In my opinion, logstic regression will be the best mothods to predict accepting offer or not, since the dependent variable is bianry, yes or no.
# r. (Addendum 1) Run a simple linear regression that predicts average credit card debt as a function of income. Hint: Recall, to run a regression we use the “lm” (linear model) command. How well does this model fit? Interpret in a sentence the value of the slope coefficient in the regression.
reg1 <- lm(Crdt_Crd_Avg ~ Income, data = x2.dat)
summary(reg1)
##
## Call:
## lm(formula = Crdt_Crd_Avg ~ Income, data = x2.dat)
##
## Residuals:
## Min 1Q Median 3Q Max
## -4.8581 -0.6885 -0.0500 0.6644 4.9536
##
## Coefficients:
## Estimate Std.
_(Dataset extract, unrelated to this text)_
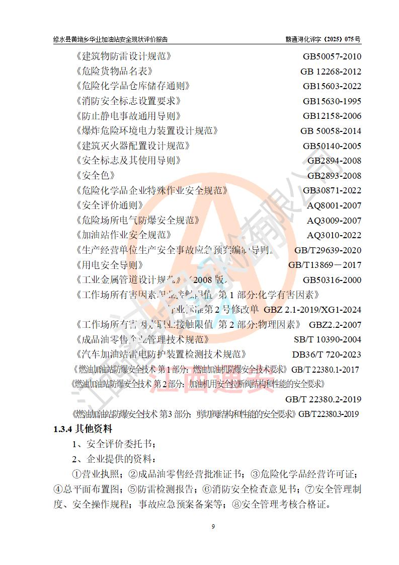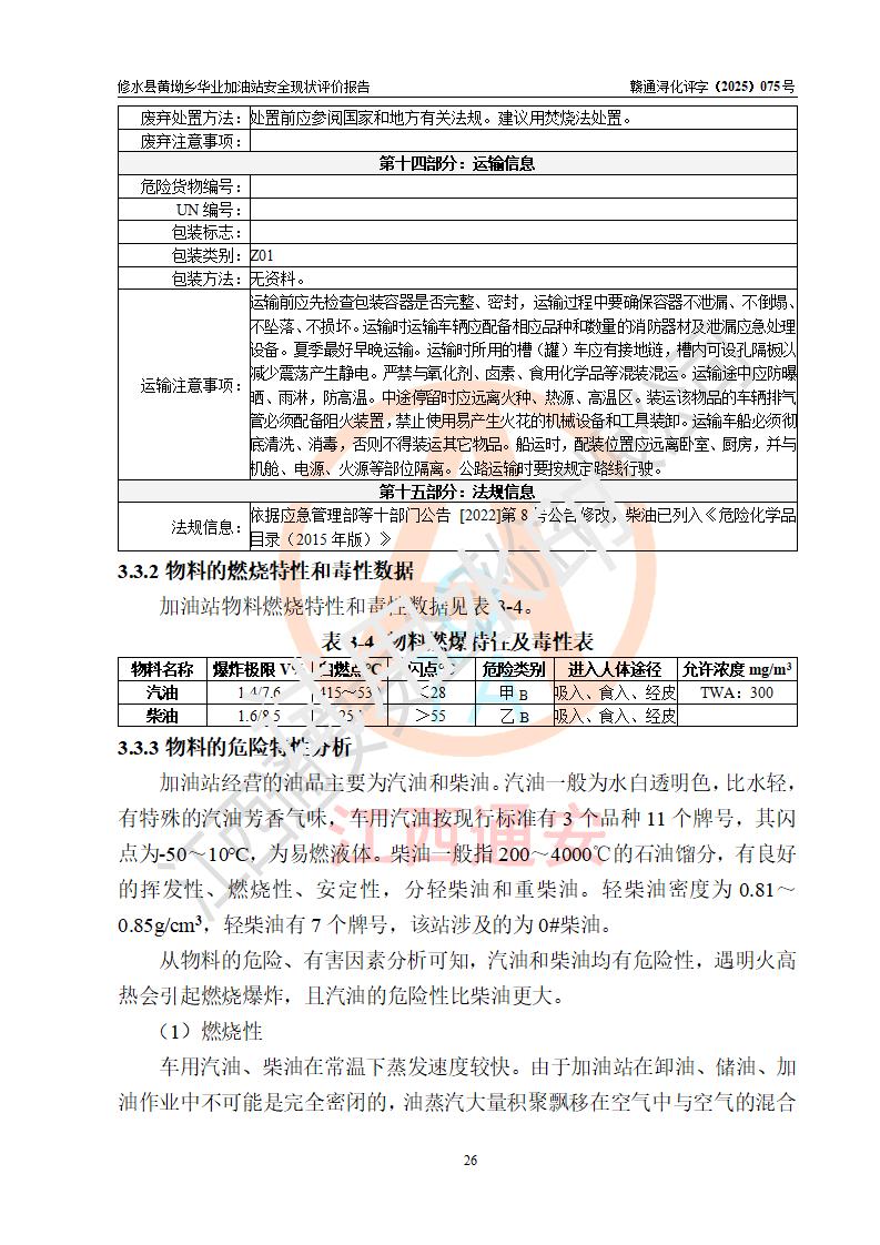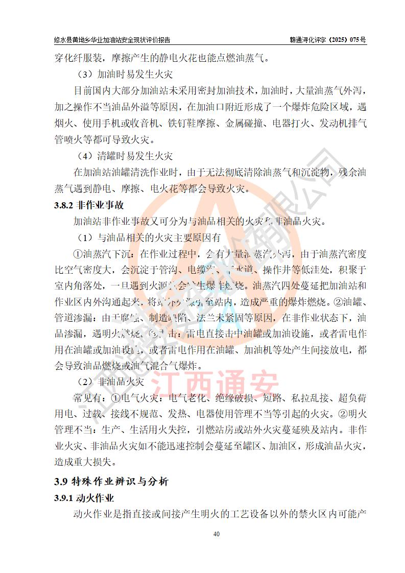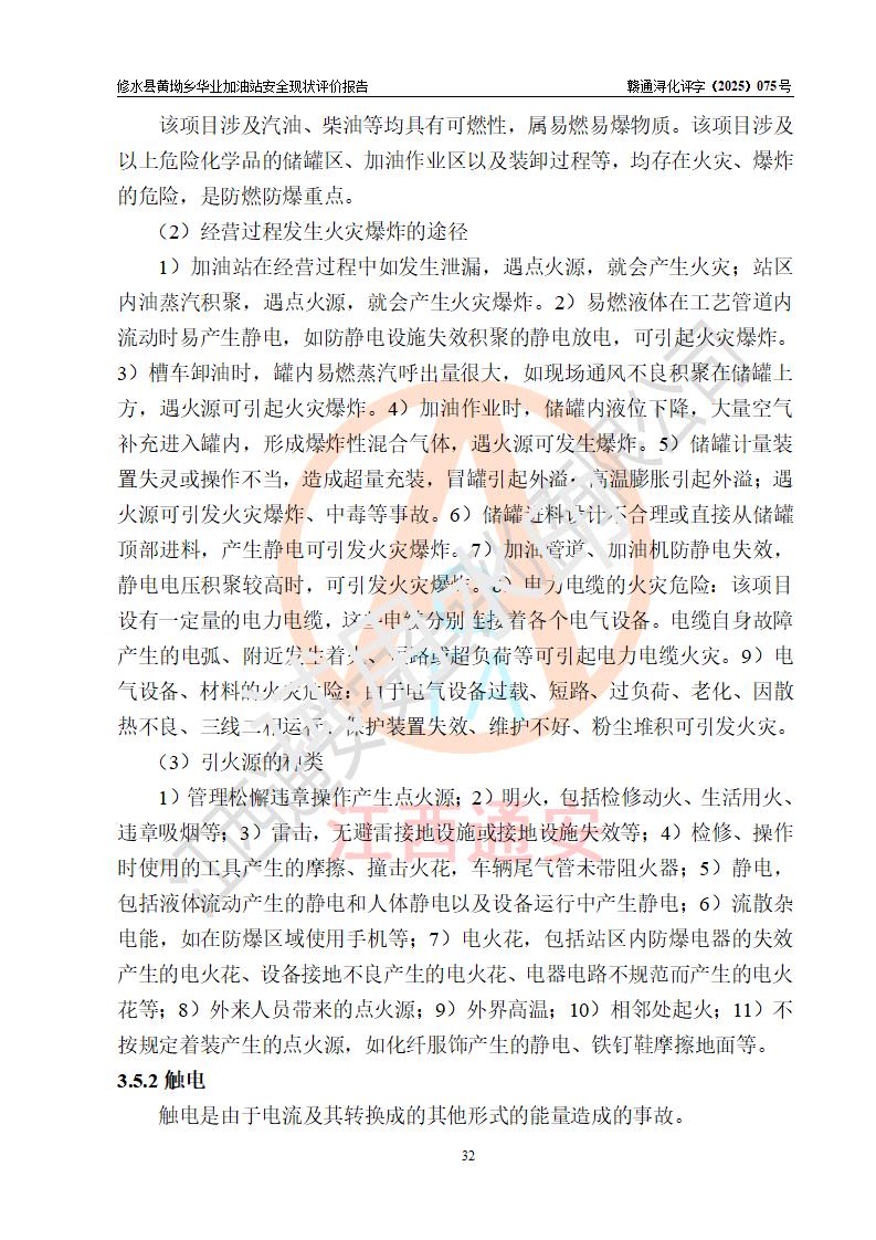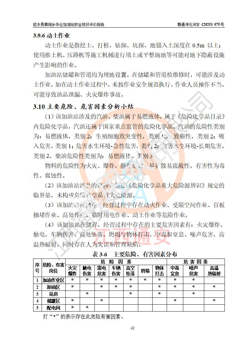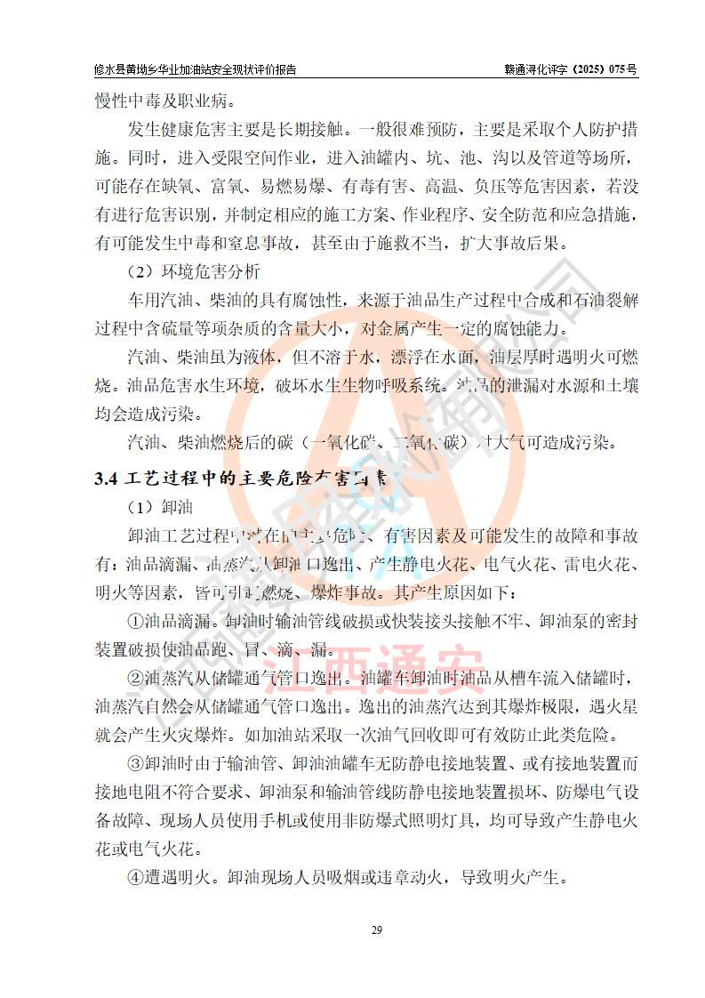 项目简介 | 修水县黄坳乡华业加油站是一家专门从事成品油零售经营的个体工商户,经营场所位于江西省九江市修水县黄坳乡塘排镇。现有从业人员4名,其中安全管理人员1人,加油站负责人彭峰。 该加油站占地面积约760m2,站区内设置有2台双枪程控燃油加油机及配套的工艺管线、设有SF双层储罐3台,其中30m3的0#柴油储罐1台、30m3的92#汽油储罐1台,30m3的95#汽油储罐1台,油品储罐总容积为90m3(折算成汽油为75m3),按现行《汽车加油加气加氢站技术标准》对加油站的等级划分原则,属三级加油站。 该站由九江市行政审批局换发《危险化学品经营许可证》(证号:赣九行审经(甲)字[2022]0000182号),**期限2022年12月26日至2025年12月25日。 | |||

Error t value Pr(>|t|)
## (Intercept) 0.1103670 0.0518049 2.13 0.0332 *
## Income 0.0247278 0.0005896 41.94 <0.0000000000000002 ***
## ---
## Signif. codes: 0 '***' 0.001 '**' 0.01 '*' 0.05 '.' 0.1 ' ' 1
##
## Residual standard error: 1.376 on 2498 degrees of freedom
## Multiple R-squared: 0.4132, Adjusted R-squared: 0.413
## F-statistic: 1759 on 1 and 2498 DF, p-value: < 0.00000000000000022
41.3% of the variation in average credit card debt is explained by the income variable in the model above. Variable interpretations: Each \(1000\) income increases average credit card debt by \(24.73\) (no factor need to be held constant)
# s. (Addendum 2) Is the model in part r above significant? Explain.
The model above is significant. The p-value is less than 0.05, so we are able to reject NULL hypothesis.
# t. (Addendum 3) Using the model from part r, provide a 99% prediction interval estimate for month credit card debt for a person making $75,000 in annual income. Interpret the result.
newdata = data.frame(Income = 75)
predict(reg1, newdata, interval="predict", level = 0.99)
## fit lwr upr
## 1 1.964954 -1.581923 5.51183
The equation will be y = 0.11037 + 0.02473 * Income(in $1000s) So the 99% prediction interval estimate for month credit card debt for a person making \(75,000\) in annual income is between 0 and \(5500\).